"""

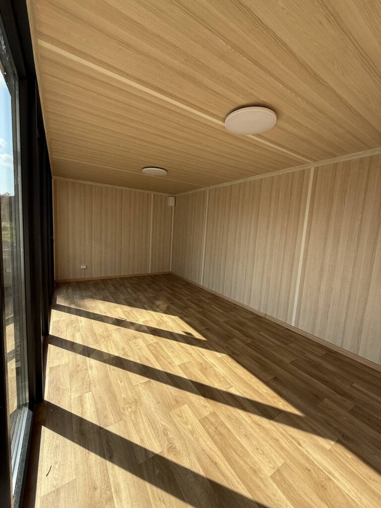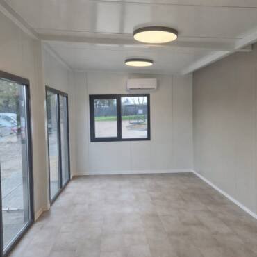 Modulinis ofisas 18 m² – su pilna apdaila, elektros instaliacija, langais, durimis, transportu ir montavimu – apie 7000 € + PVM
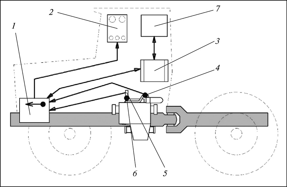 Рис. 2. Схема устройства для интеллектуального мониторинга КП с гидравлической системой управления: 1 – модуль измерений с акселерометром, 2 – модуль индикации, 3 – модуль интеллектуального диагностирования, 4 – накладной датчик температуры, 5 – переходник для подключения к системе контроля давления, 6 – штатный датчик давления, 7 – телематический терминал
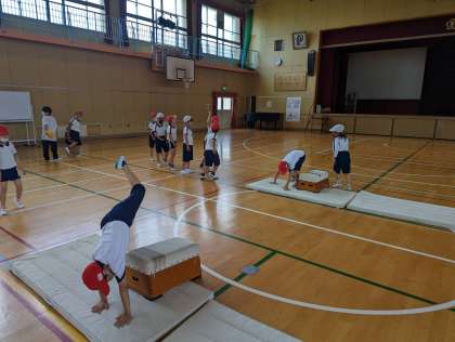 跳び箱を使って、側方倒立回転のときにどのような順にどのへんに手をついたり、足を振り上げたりすればよいのかイメージできるように練習をしているところです!
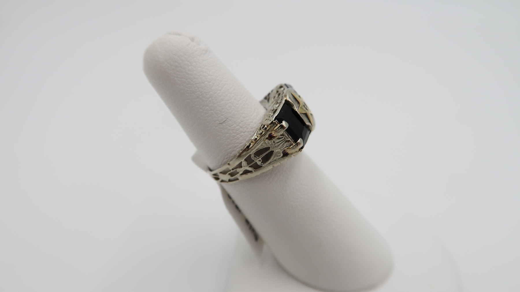 This Order of the Eastern Star ring features gorgeous filigree details amongst the bold black onyx centerpiece. Crafted of 14 karat gold this 1920s ladies piece is in wonderful condition with a perfect polish!
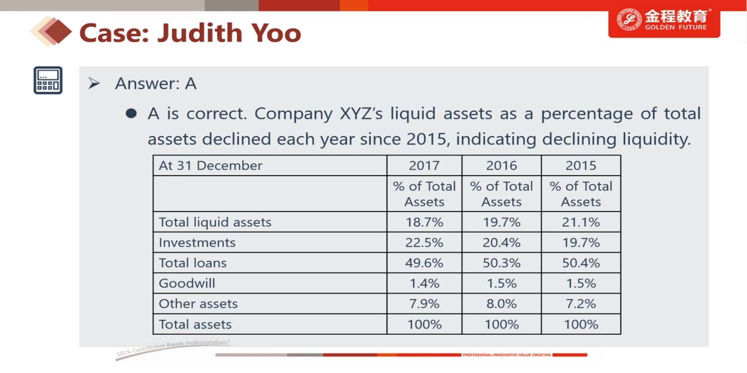 1.老师能否从字面读题翻译和字面阅读理解的角度讲一下这问的是什么意思,而不是知道答案带着答案推的思路来讲。这题的难点在于它的表述难以理解。2.答案的解释里写Impaired assets have decreased each year while strong credit quality assets have increased each year, which suggests lowering impairment allowances as a result of improving credit quality of these financial instruments. 也难以理解其意,烦请老师指点迷津!
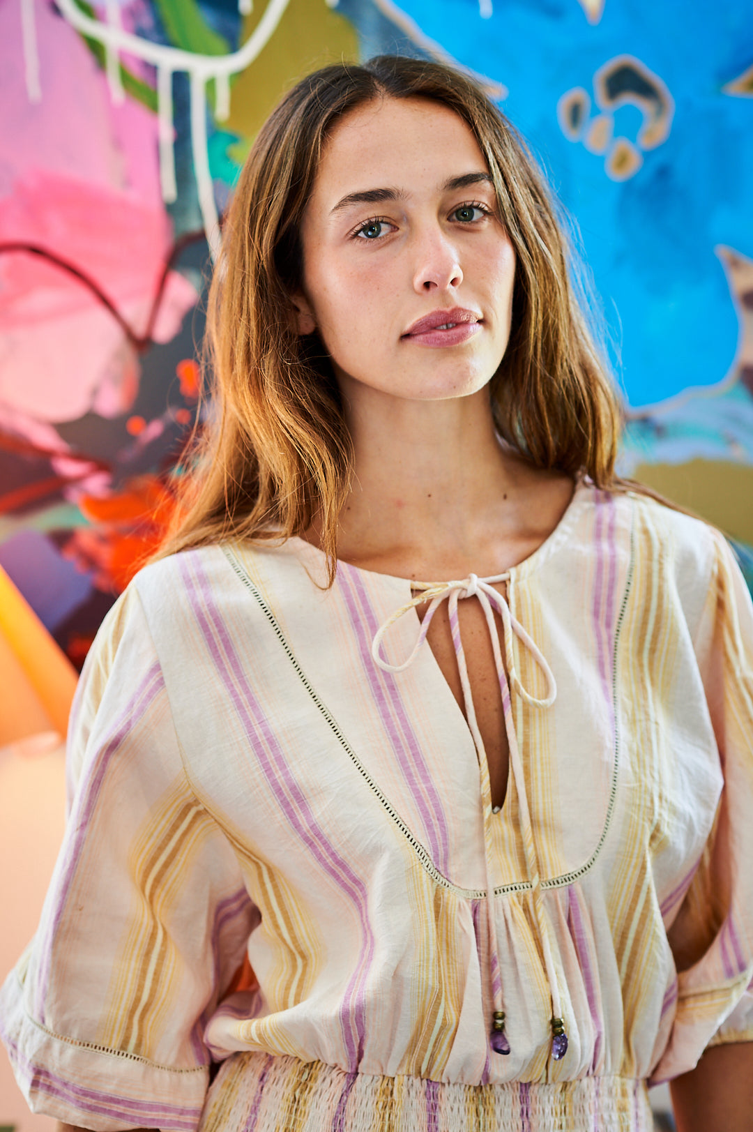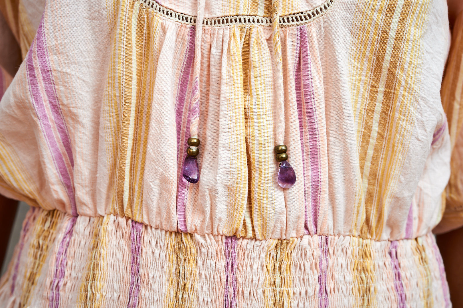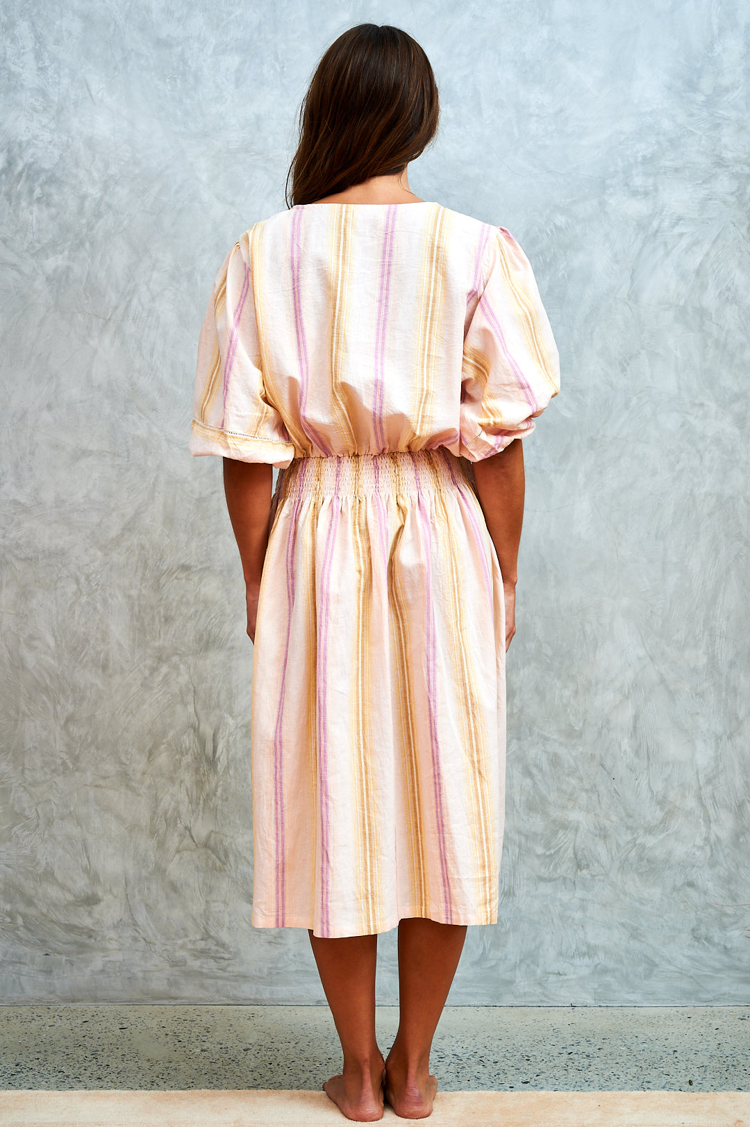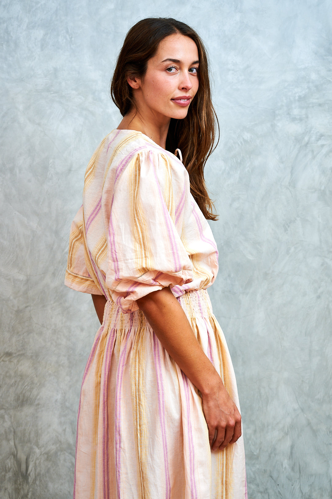 The Maya Dress is a beautifully simple, yet sculptural piece, made from soft cotton poplin. With a flattering, easy fit and a gently elasticated waist, it offers a relaxed silhouette. The dress features sculptural balloon sleeves and falls effortlessly to a midi length. Finished with long ties and delicate amethyst toggles.

"""

• TASK BRIEF: Leave the pictures out. Extract exactly the lines running from the one with "This Order of" through the last entry, both ends included.

• RESPONSE TO THE EXERCISE:
 This Order of the Eastern Star ring features gorgeous filigree details amongst the bold black onyx centerpiece. Crafted of 14 karat gold this 1920s ladies piece is in wonderful condition with a perfect polish!
 1.老师能否从字面读题翻译和字面阅读理解的角度讲一下这问的是什么意思,而不是知道答案带着答案推的思路来讲。这题的难点在于它的表述难以理解。2.答案的解释里写Impaired assets have decreased each year while strong credit quality assets have increased each year, which suggests lowering impairment allowances as a result of improving credit quality of these financial instruments. 也难以理解其意,烦请老师指点迷津!
 The Maya Dress is a beautifully simple, yet sculptural piece, made from soft cotton poplin. With a flattering, easy fit and a gently elasticated waist, it offers a relaxed silhouette. The dress features sculptural balloon sleeves and falls effortlessly to a midi length. Finished with long ties and delicate amethyst toggles.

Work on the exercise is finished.